== Aim of the exercise ==
When you reach the line in the listing below that contains "Herbert A. Simon", begin returning lines exactly as written, and stop after the line that contains "and Orwell: The". Return no other lines.
[[ Provided material, beginning ]]
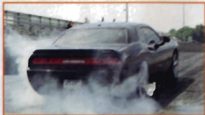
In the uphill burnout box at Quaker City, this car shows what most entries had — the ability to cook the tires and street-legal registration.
[[ Provided material, end ]]
[[ Provided material, beginning ]]
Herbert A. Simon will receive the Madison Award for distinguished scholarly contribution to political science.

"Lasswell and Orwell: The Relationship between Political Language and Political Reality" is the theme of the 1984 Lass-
[[ Provided material, end ]]
== Exercise answer ==
Herbert A. Simon will receive the Madison Award for distinguished scholarly contribution to political science.

"Lasswell and Orwell: The Relationship between Political Language and Political Reality" is the theme of the 1984 Lass-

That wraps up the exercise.